|Rhino Records' Left of the Dial|
3 inducted (R.E.M., The Pretenders, Red Hot Chili Peppers)
6 nominated (The Cure, the Replacements, Depeche Mode, the Smiths, Bad Brains, Jane's Addiction)
That leaves a whopping 73 acts in the lurch, many with decent odds of a Rock Hall nomination (Pixies, Kate Bush, Joy Division, the Pogues), others longer shots (Dinosaur Jr., Bauhaus, Minor Threat) and others, well, don't hold your breath (Ultravox, Throbbing Gristle, or Lyres, anyone?). But that's not a qualitative judgment, as the majority of the artists on Left of the Dial are, at minimum, notable, and at maximum, iconic. And every last one could trigger an acute nostalgia response for Gen Xers that tuned in to a college radio station in the Reagan era.
|Siouxsie and the Banshees|
To contemplate the presumably tumultuous groupthink that occurred at Rhino when piecing together this 4-disc package is to see a parallel in the Rock Hall Nomination Committee meetings that come up with 15 or 19 nominees annually. So many options, so little clarity. (Ever try to order a pizza with more than 3 people? It's like that.)

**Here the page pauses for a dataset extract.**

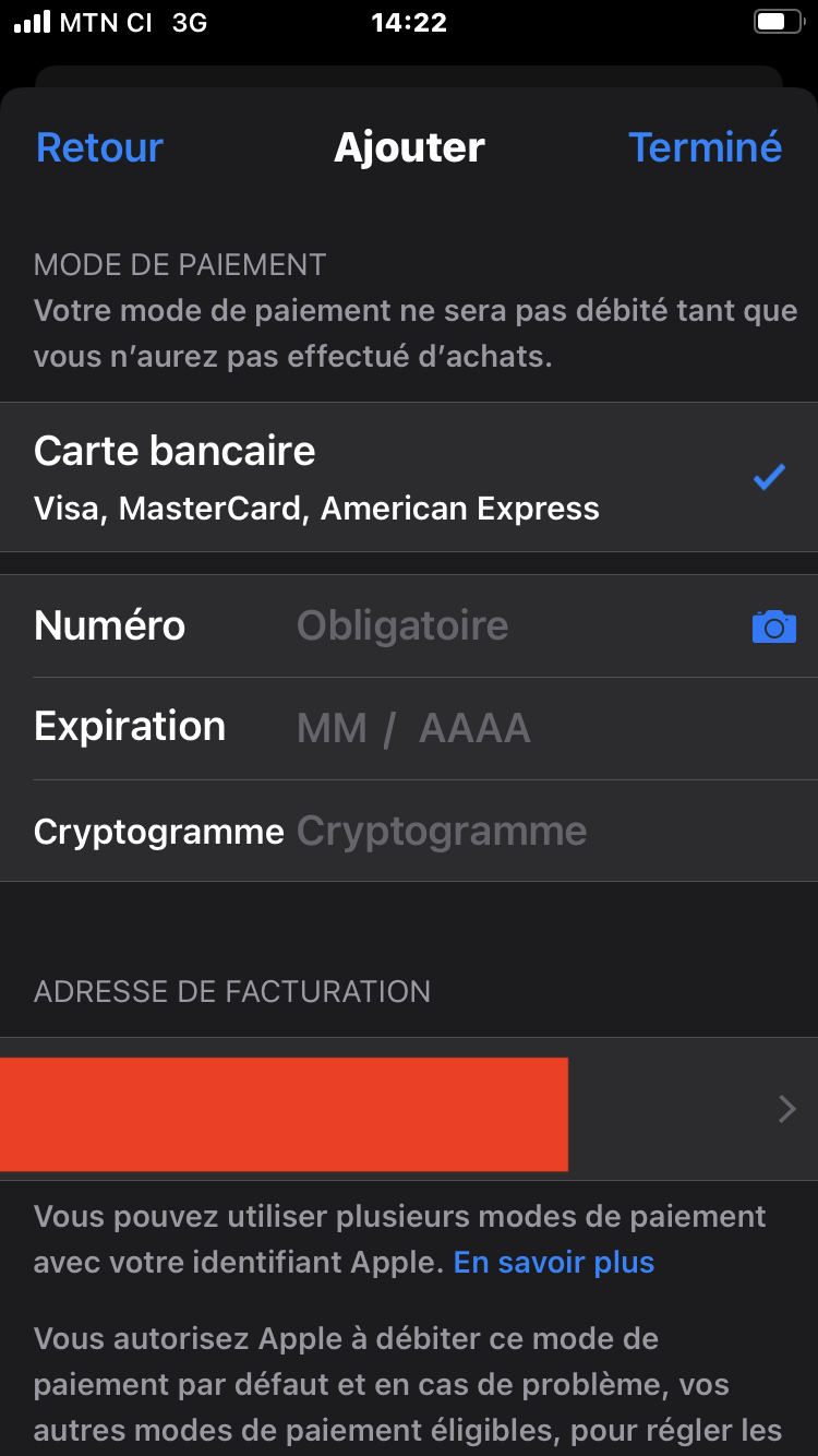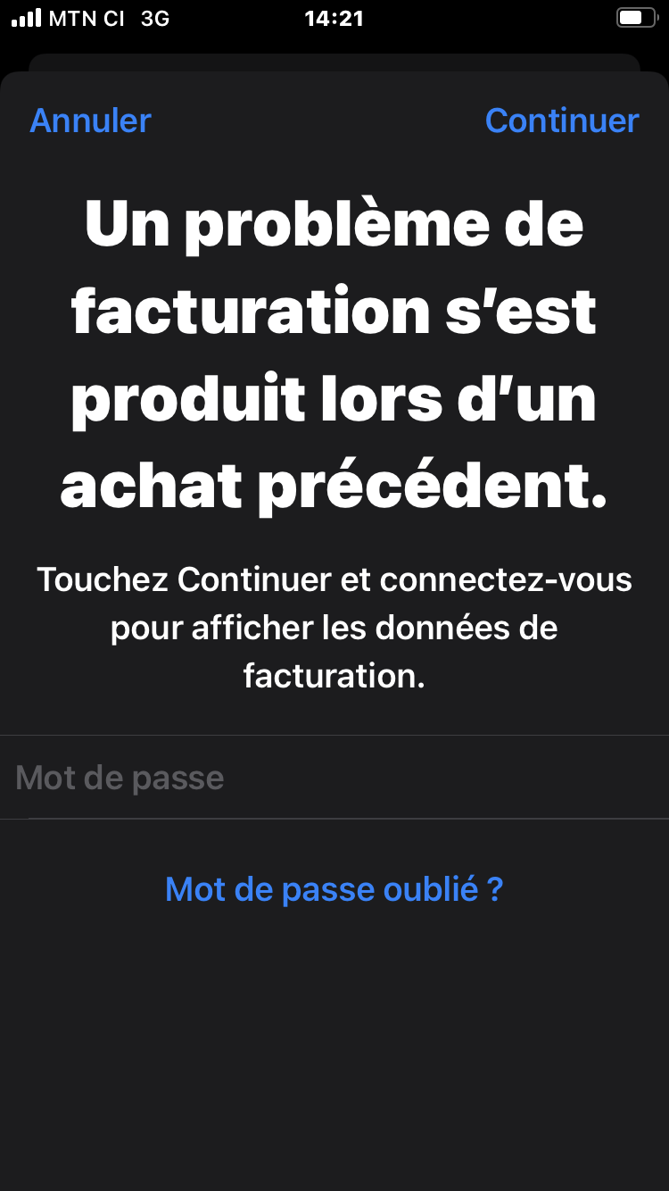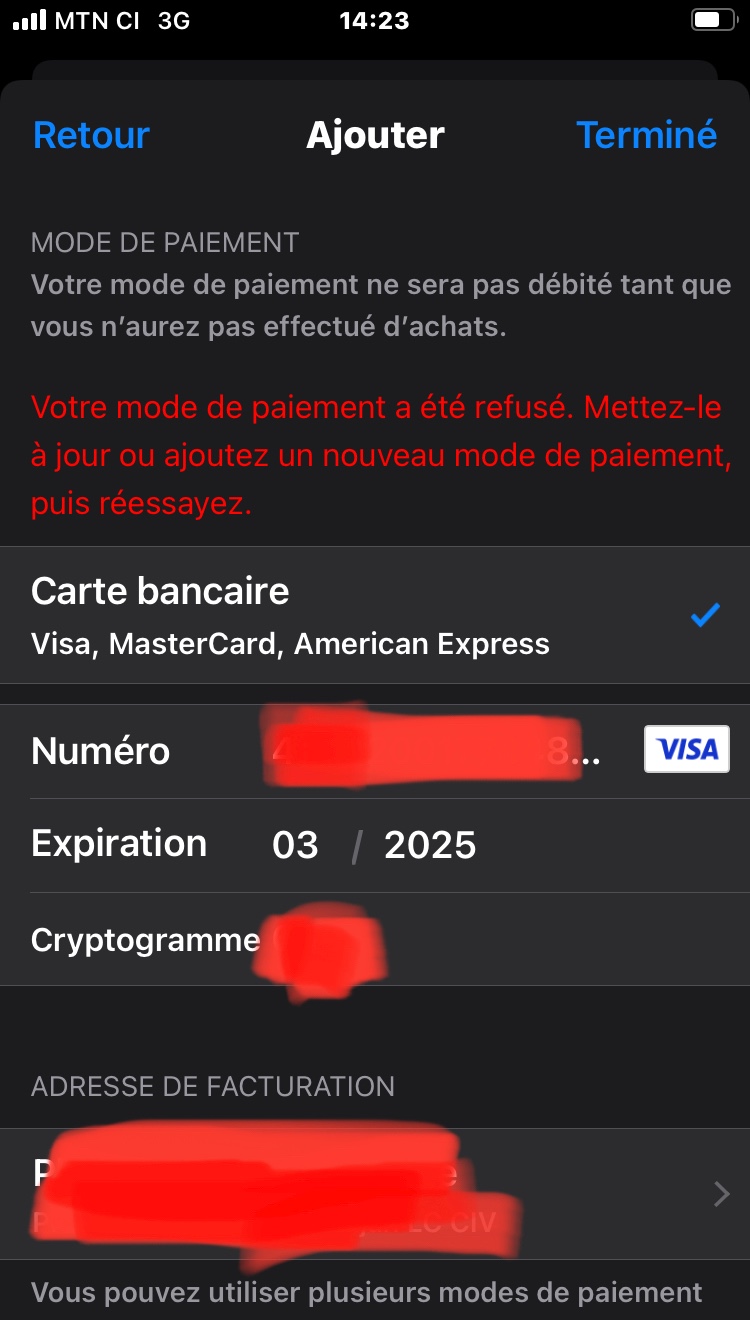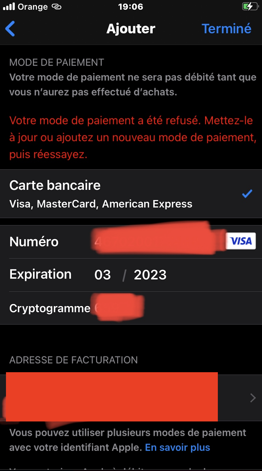 Je n’arrive plus à faire la mise à jour ni le téléchargement des applications sur App Store. je fais régulièrement des achats sur App Store avec ma carte visa. Pour effectuer une mise à jour ou un téléchargement de Facebook ou messenger, ou encore tinder etc on me demande de mettre le code de mon compte iCloud afin de vérifier les données de facturation(?!?) Je le fais ensuite je vois les informations de ma carte visa, j’ajoute le cryptogramme ensuite s’affiche le message suivant : mode de paiement refusé. J’ai du supprimer ce mode de paiement de mon compte mais cela continue toujours. On me demande expressément de faire la mise à jour de certaines applications avant 48h sinon j’y perdrai l’accès. Par exemple WhatsApp business j’utilise un numéro on off. J’ai pas renouvelé l’abonnement du numéro on off et si je ne fais pas la mise à jour de l’application WhatsApp business je n’aurai plus accès a mon compte et contacts business.

It's unsurprising that 73 out of 82 acts on a box set meant to highlight groundbreaking, generationally-significant musical artists have been completely snubbed by the Rock Hall. To be sure, not all of them belong in that museum on Lake Erie, but there's little question that some of them do. So what's the matter here?
It may be as simple as this: The freaks and geeks making a racket on Left of the Dial represent the outsiders, and the Rock Hall, at this point, has no time for the edgy, the cultish, the Lux Interiors, the rabid underdogs that should be thrown a bone. They might nominate the Smiths, the Replacements, and Bad Brains, but inducting them is quite another story. These acts, as influential and musically excellent as they may be, represent risk. And the Rock Hall, like any growing business, is intentionally risk-averse as its aggressive monetization agenda plods on, from its "Long Live Rock" sloganeering to its museum's structural improvements (a new cafe! a new theater!) to its annual, Klipsch-sponsored HBO telecasts of induction ceremonies. Indeed, with its run of populist-leaning inductees in recent years (Steve Miller, Journey, etc.) the Rock Hall nomination/induction dynamic feels akin to a jock stuffing the kid wearing an Echo & the Bunnymen t-shirt into a locker.
In essence, the Rock Hall is doing a disservice to a wide swath of Generation X—adults whose formative years would have been unbearable without that Smiths, Hüsker Dü, Cramps, or Siouxsie and the Banshees cassette in their Walkman. Isn't that what music is all about? And where is the harm in honoring that in Cleveland, at least some of the time? It could even be considered as outreach to a targeted demographic.
Will all these Left of the Dial musical heroes continue to be left behind? For many, "...It says nothing to me about my life" is a Smiths lyric that undoubtedly applies to the Rock Hall.